Between college graduation last May and the start of this new job, I had a much more laid back way of life. I would work on my writing (whether books, freelance, or this blog). I could create my own schedule. I would only work a few minutes a day. Maybe a few hours a day on a few occasions. I could decide when I posted. I was free to work from wherever. I could travel between my parents’ houses whenever I wanted. I could make plans with my friends whenever we wanted to.
Overall, my life had been in my control. I was the one who had control over my work.
But with this life choice came certain anxieties. Finances weren’t the best. I didn’t have a substantial income from my writing (and I still don’t). I was worried what people thought of me when I told them that I was a writer and that I blogged. I felt like my life wasn’t going in the direction I expected it to or the way I believed others expected it to.
I was chasing a possible dream while anxious over what I was to do.
So between January 2019 and June 8, 2019, I was searching for a “real” job. A more traditional job. One where I had to show up to a physical place at a certain time. One where I had a set schedule. One where I would have a set income. One where there would be certain expectations of me. One that was more along the lines of what was expected of me.

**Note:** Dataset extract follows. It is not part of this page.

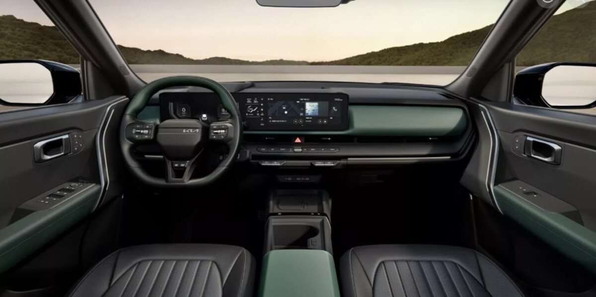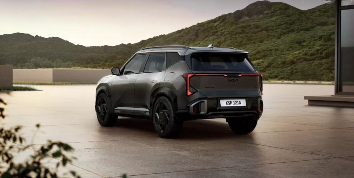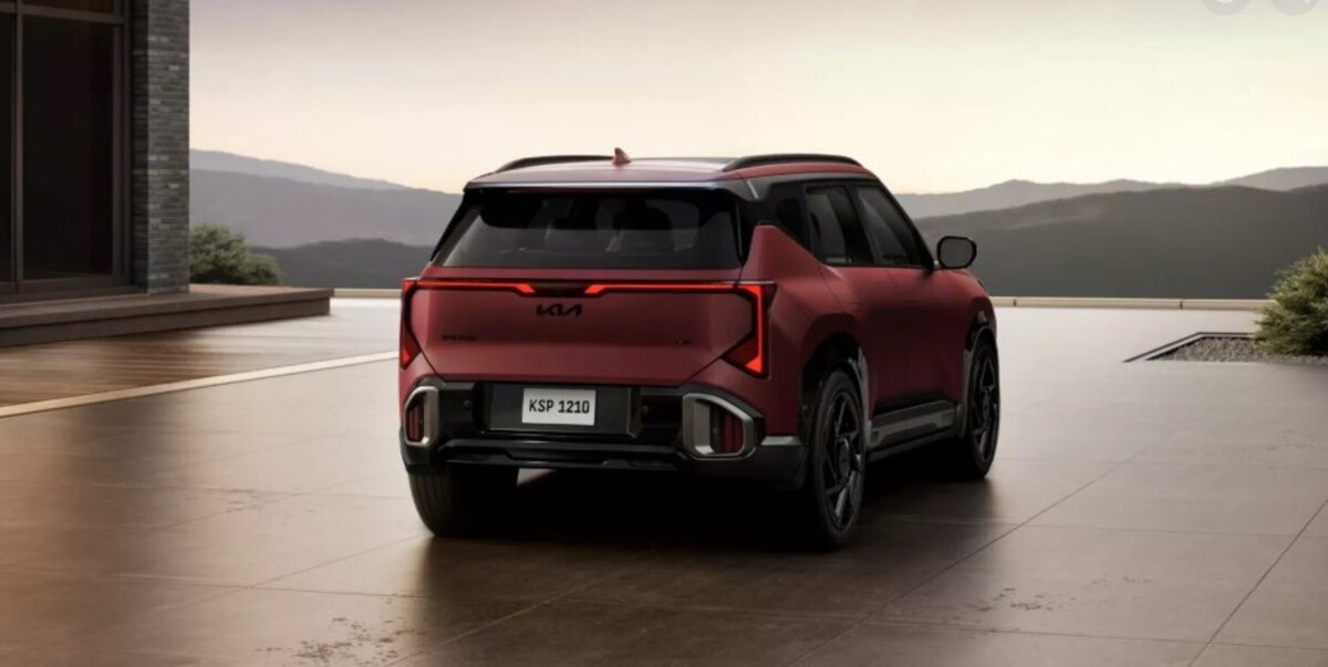 Дизайн задньої частини перегукується з електричним Kia EV5: вузькі вертикальні та горизонтальні LED-елементи створюють сучасний і технічний вигляд.

And since getting the job a couple of weeks ago, my life has changed quite a bit.
I have a somewhat more structured schedule. I have something that will get me out of the house. I have certain expectations to fulfill. I have a reliable income. I have coworkers. I have people that I can interact with. I’m gaining skills I wouldn’t have otherwise.
But with this, there is a new kind of anxiety. An anxiety that possibly comes with working in retail and with the public. But also an anxiety that comes with such a big change in lifestyle.
And this anxiety has occasionally felt incredibly crippling.
But with this anxiety, I’ve bought myself time to figure things out.
I’m earning money, so I don’t have to feel rushed in chasing my dream. I don’t have the same kind of worry about what people think of me.
It’ll take me a while to get used to this way of life. Especially in how I see myself and remembering what my true core identity is.
During the year or so that I worked solely on my writing and on this site, my Catholic identity was still very much present and very much towards the front of my mind. I could go to Daily Masses easier and whenever I wanted to because my schedule was flexible. I could take all of Sunday off for rest. I could go to Confession without worrying about my work schedule. This blog started off and continues to be a Catholic blog.
And even when I started looking for “real” jobs, some of them were Catholic.
But the job that I’ve had for the past two weeks is an incredibly secular job. It’s a retail job at a chain store. It isn’t a job where I can focus on my faith identity.
With the schedules that I’ve had for the past two weeks, it’s been more difficult for me to remember my Catholic identity.
I have to figure out when I can go to Sunday Mass. I have to figure out how I’m going to keep Sunday holy even though I’ve had to work on Sundays so far. I have to figure out when I’m going to pray. And the posting schedule for the blog might have to change as time goes by.
And I have to figure all of this out and try to do all of this alongside all of the other things adults have to do: eat, sleep, chill, socialize, run errands, etc.
Since starting this job, it feels as if my Catholic identity has been put on a back burner. Which I don’t really want to happen since my being Catholic is something close and special to my heart.
Regardless of if I’m trying to balance my “real” job and my life or if I’m solely writing, I have to remember what my true identity is. And I have to figure out how to keep in touch with it.
And this true identity isn’t my job. It isn’t the writing dream I’m chasing. It isn’t necessarily or entirely what I do in my time off.
My true identity is who I belong to and what my relationship is with them: God and daughter of the One True King.
I don’t always remember this, and it would be an almost impossible expectation to think that I will always remember this. But it is good to remind myself that I am God’s and I am His princess. And I am His, whether I’m in a beautiful Catholic cathedral or working the register at my job.